What is needed =
Using the records below, write out only the lines from the line containing "이렇게 받은 표는 복사하여" up to and including the line containing "DOLPHIN GLASS TOP", exactly, with no pictures.

Given data =
■ ■ ■ ■ ■

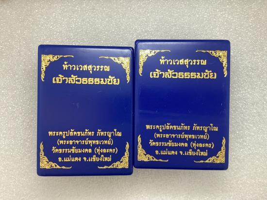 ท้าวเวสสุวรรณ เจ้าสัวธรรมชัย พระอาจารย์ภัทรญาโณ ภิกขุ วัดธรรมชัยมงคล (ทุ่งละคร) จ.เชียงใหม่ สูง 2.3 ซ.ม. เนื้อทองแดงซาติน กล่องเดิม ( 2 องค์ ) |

■ ■ ■ ■ ■

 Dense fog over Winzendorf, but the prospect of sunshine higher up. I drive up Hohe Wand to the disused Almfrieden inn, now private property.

■ ■ ■ ■ ■

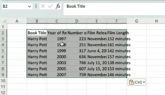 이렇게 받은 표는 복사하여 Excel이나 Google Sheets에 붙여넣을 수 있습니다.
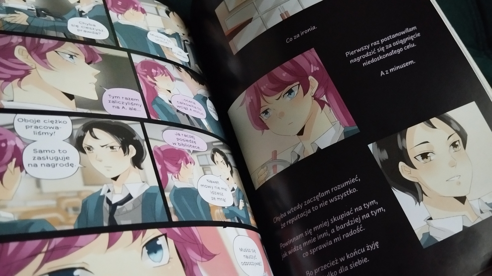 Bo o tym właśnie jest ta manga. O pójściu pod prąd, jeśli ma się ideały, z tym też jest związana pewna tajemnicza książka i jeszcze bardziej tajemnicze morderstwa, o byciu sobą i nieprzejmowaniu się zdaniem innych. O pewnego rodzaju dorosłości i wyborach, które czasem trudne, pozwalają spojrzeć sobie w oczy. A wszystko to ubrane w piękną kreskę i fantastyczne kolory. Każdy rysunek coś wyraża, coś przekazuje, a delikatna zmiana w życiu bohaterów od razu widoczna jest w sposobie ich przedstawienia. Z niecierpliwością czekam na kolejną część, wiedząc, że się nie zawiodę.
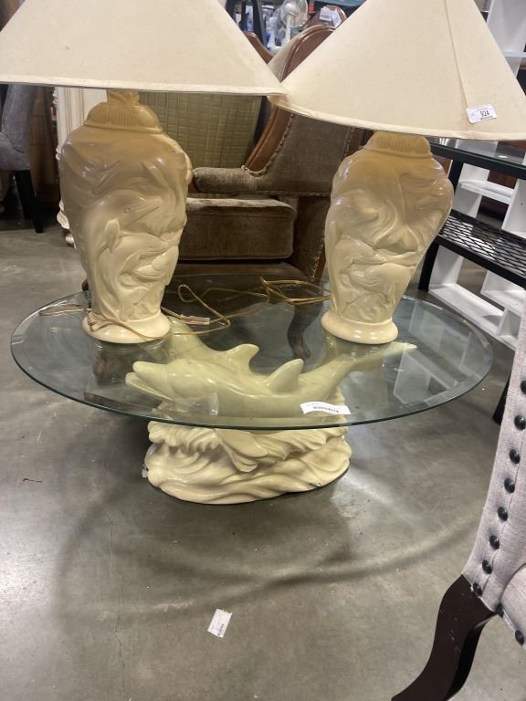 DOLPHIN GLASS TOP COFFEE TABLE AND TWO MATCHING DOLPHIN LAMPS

■ ■ ■ ■ ■

Task result =
 이렇게 받은 표는 복사하여 Excel이나 Google Sheets에 붙여넣을 수 있습니다.
 Bo o tym właśnie jest ta manga. O pójściu pod prąd, jeśli ma się ideały, z tym też jest związana pewna tajemnicza książka i jeszcze bardziej tajemnicze morderstwa, o byciu sobą i nieprzejmowaniu się zdaniem innych. O pewnego rodzaju dorosłości i wyborach, które czasem trudne, pozwalają spojrzeć sobie w oczy. A wszystko to ubrane w piękną kreskę i fantastyczne kolory. Każdy rysunek coś wyraża, coś przekazuje, a delikatna zmiana w życiu bohaterów od razu widoczna jest w sposobie ich przedstawienia. Z niecierpliwością czekam na kolejną część, wiedząc, że się nie zawiodę.
 DOLPHIN GLASS TOP COFFEE TABLE AND TWO MATCHING DOLPHIN LAMPS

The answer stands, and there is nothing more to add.